R3721-F3210-F3171-HP High-End Firewalls VPN Command Reference-6PW101
46
By default, the ID type is IP address.
In main mode, only the ID type of IP address can be used in IKE negotiation and SA creation. In
aggressive mode, either type can be used.
If the ID type of FQDN is used, configure a name without any at sign (@) for the local security gateway,
for example, foo.bar.com. If the ID type of user FQDN is used, configure a name with an at sign (@) for
the local security gateway, for example, test@foo.bar.com.
Related commands: local-name, ike local-name, remote-name, remote-address, local-address, and
exchange-mode.
Examples
# Use the ID type of name during IKE negotiation.
<Sysname> system-view
[Sysname] ike peer peer1
[Sysname-ike-peer-peer1] id-type name
ike dpd
Syntax
ike dpd dpd-name
undo ike dpd dpd-name
View
System view
Default level
2: System level
Parameters
dpd-name: Name for the dead peer detection (DPD) detector, a string of 1 to 32 characters.
Description
Use ike dpd to create a DPD detector and enter IKE DPD view.
Use undo ike dpd to remove a DPD detector.
Dead peer detection (DPD) irregularly detects dead IKE peers. It works as follows:
1. When the local end sends an IPsec packet, it checks the time the last IPsec packet was received
from the peer.
2. If the time interval exceeds the DPD interval, it sends a DPD hello to the peer.

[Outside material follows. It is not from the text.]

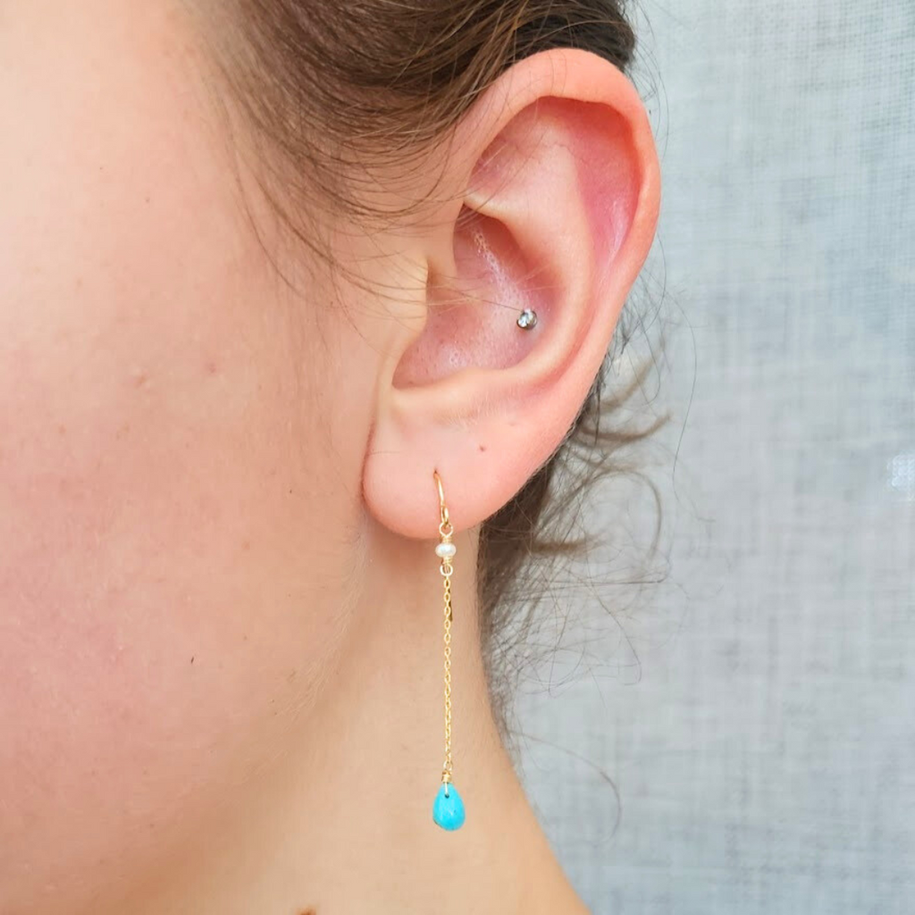 Elegant handcrafted wire wrapping meets colorful gemstones in Lina Tsui jewelry. These earrings are made of 14k yellow gold fill wire, turquoise and pearl beads, and gold filled ear wires. Measure approximately 1.75" long x 0.19" wide. Handcrafted in US.

3. If the local end receives no DPD acknowledgement within the DPD packet retransmission interval,
it retransmits the DPD hello.
4. If the local end still receives no DPD acknowledgement after having made the maximum number of
retransmission attempts (two by default), it considers the peer already dead, and clears the IKE SA
and the IPsec SAs based on the IKE SA.
DPD enables an IKE entity to check the liveliness of its peer only when necessary. It generates less traffic
than the keepalive mechanism, which exchanges messages periodically.
Related commands: display ike dpd, interval-time, and time-out.